14 September 2011

My Current Training Plan

Okay, I just want to start off with this.  My wife and I usually have some type of green smoothie as part of our breakfast.  We've been giving our son, who's 19 months old, a little as well.  Sometimes he likes it and other times he doesn't.  Well this morning we had eggs and toast along with it and he was dipping his toast into his green smoothie--definitely more daring than I.  He was eating it, funny kid.

Alright, so I thought it would be good to tell you exactly what my training plan is currently and how I came to doing it.  So I started reading Daniels' Running Formula as I've mentioned in previous posts (What do Deepak Chopra, Jack Daniels and Jack Canfield all have in common? and I'm going to rest) and I realized that I was overtraining; pushing my body too hard.  I thought that as long as I was eating incredibly well, getting more than enough rest and thinking positive thoughts that I could push my body as hard as I wanted to and I would become incredible faster than normal.  Well it turns out that plan didn't work so well.  I was getting tired, my foot started to feel stress-fracturey. (Meaning like I felt a potential stress fracture coming on.  How could I even know this? You may be asking.  Well I had a stress fracture in both feet two years ago from going to fast, too soon, without a strong enough base of training and before I even saw a doctor and he confirmed it I was sure it was a stress fracture, but anyways...) So I felt like that, started reading the book, which then shifted my running, training paradigm.  

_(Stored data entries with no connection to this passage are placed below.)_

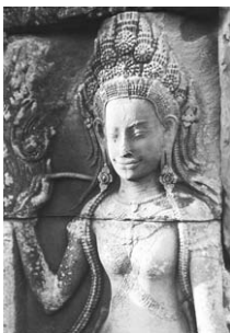
「微笑みの証」/バイヨン寺院 階上テラス/BAKU斉藤

期間 10月21日(日)まで 時間 午前10時~午後5時 (入館は午後4時30分まで) 会場 女子美アートミュージアム 休館日 火曜日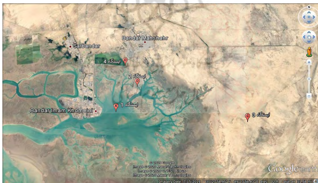
شکل ۱. نقشه موقعیت ۴ ایستگاه مورد مطالعه در منطقه مورد مطالعه.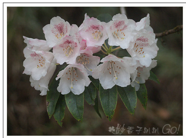
森氏杜鵑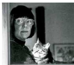
Sarah Kirsch, 1935 – 2013

I calculate that in order to get where I want to be I need to peak around May.  That gives me around 36 weeks for training.  Daniels recommends to split the training into 4 phases.  The first phase is a relatively easy phase where all you're doing is easy and long runs.  You start out at a certain amount of mileage that you feel comfortable doing, and then if the amount is feeling easy/manageable then every 3 weeks you can increase 1 mile onto your weekly total for every workout session you're doing.  If that doesn't make sense, read my post on For the Beginner, Beginner: How to Get Started. So I had been doing 8-12 miles daily and I knew that I could semi-comfortably do two workouts of 3 miles a piece 5 days a weeks with a six-miler on Saturday morning.  36 miles each week.  In 3 weeks I'll bump that up by a maximum of 10 miles, we'll see when we get there.

Now for all my runs I run at the same pace, for now, and that is the E pace of 7:38 per mile.  Based on my most recent time in the 5K of 17:38 I score about a 58 on Daniels' scoring system called VDOT.  He's got another page that then calculates according to the VDOT what the E pace (or Easy Pace) should be.  It also calculates what the tempo run pace should be, what the marathon pace should be, interval training pace for different distances and repetition training for different distances should be.  So I run 36 miles per week at 7:38 per mile.  I really want a GPS watch, but for now my system of MapMyRun.com with my good Timex watch is working fine--I just feel a little restricted that's all.  There's a little more as far as stretching and a circuit/plyometric/calisthenic workout, but I'll get to that tomorrow or something. Peace. 

1 comment:

  1. I may not post every time, but I will read and am interested to see how things go. Good Luck.